Im Hinblick auf den Religionsunterricht als solchen gilt das eben Gesagte natürlich auch: die Waldorfschule misst ihm vom pädagogischen her eine zentrale Bedeutung bei, hält sich aber in Bezug auf die Inhalte ganz zurück. Von Beginn an war klar: der Religionsunterricht ist ein „exterritorialer Unterricht“, d. h. er wird „von außen“, aus der sonstigen Lebenswelt des Kindes, in die Schule hereingetragen. Am Anfang waren es die Religionslehrer der katholischen und evangelischen Kinder, die für den Unterricht in die Schule kamen. Da die erste Waldorfschule viele konfessionslos gewordene Arbeiterkinder unterrichtete, entstand das Bedürfnis, auch für diese Kinder etwas Entsprechendes einzurichten. Die damit beauftragten Lehrer gehörten fast durchweg dem Schulkollegium an, verstanden sich aber von Beginn an in dieser Aufgabe ebenso wie ihre konfessionellen Kollegen  als „exterritorial“: sie gaben diesen Unterricht, den „Freien Religionsunterricht“, im Auftrag der Anthroposophischen Gesellschaft. Und schließlich kamen zu diesen drei Gruppierungen noch die Kinder und Lehrer hinzu, die sich mit der in dieser Zeit entstehenden Christengemeinschaft verbunden fühlten.

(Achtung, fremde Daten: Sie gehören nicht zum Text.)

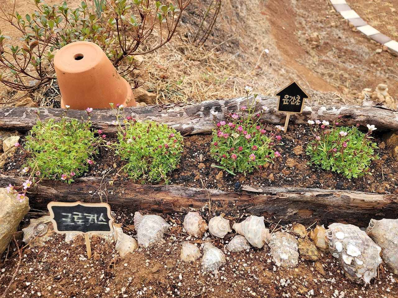 여섯 포트 구입한 한 것 중 세 포트는 나무둥치 화분에 심고 나머지 세 포트는 안쪽 화단 경계에 심는다.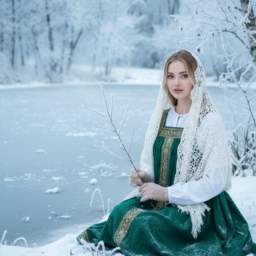 Юная особа в изумрудном сарафане с узорами, в ажурном белом платке, расположилась на опушке застывшего лесного водоёма. В руках она держит тонкую ветвь берёзы, взгляд направлен в объектив. Вся местность украшена морозными узорами на деревьях, создавая волшебное зимнее настроение.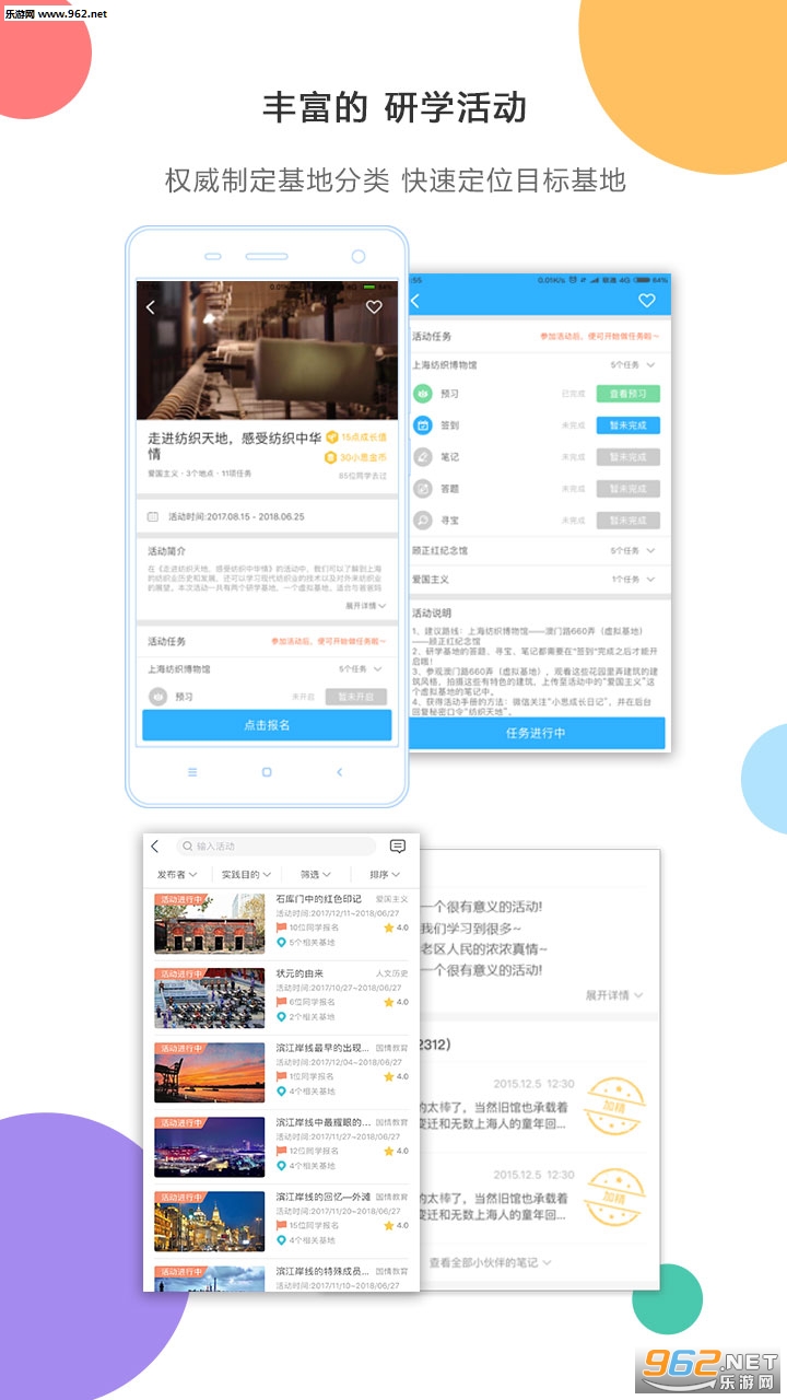 非常不错的研学助手,可以帮助学生记录研学的过程,可以进行签到等,丰富学生的研学之路,有需要的朋友可以下载试试。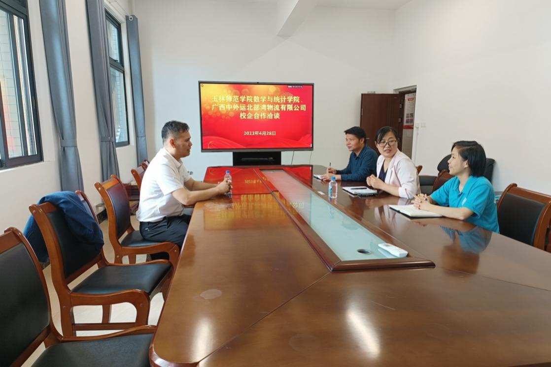 4月28日,广西中外运北部湾物流有限公司办公室主任王天德等一行到数学与统计学院考察交流,并就产教融合、专业实习、就业指导、创新创业项目等领域合作事宜进行深入交流。该院党委副书记李秀英、副院长杨京开及辅导员出席会议。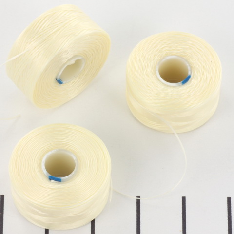 C-Lon AA Thread is perfect for bead weaving projects that call for multiple passes through seed beads and is around 0,09 mm. If your design uses size 15/0 seed beads or small delica beads size 15/0, the size AA thread is the best choice. It will pass several times through these small beads, with tex of 35. There is around 75 yards (68 meter) of thread on a bobbin and a full bobbin is 24 x 12 mm.

An dieser Grundkonstellation hat sich seitdem nichts geändert. Auch an unserer Schule teilen sich die Klassen für die Religionsstunde in die Gruppen auf, denen sich die Kinder und ihre Eltern zugehörig fühlen: den evangelischen und katholischen Unterricht, der, bedingt durch die Gruppengrößen, oft gemeinsam erteilt wird, den freien Religionsunterricht und den Unterricht der Christengemeinschaft.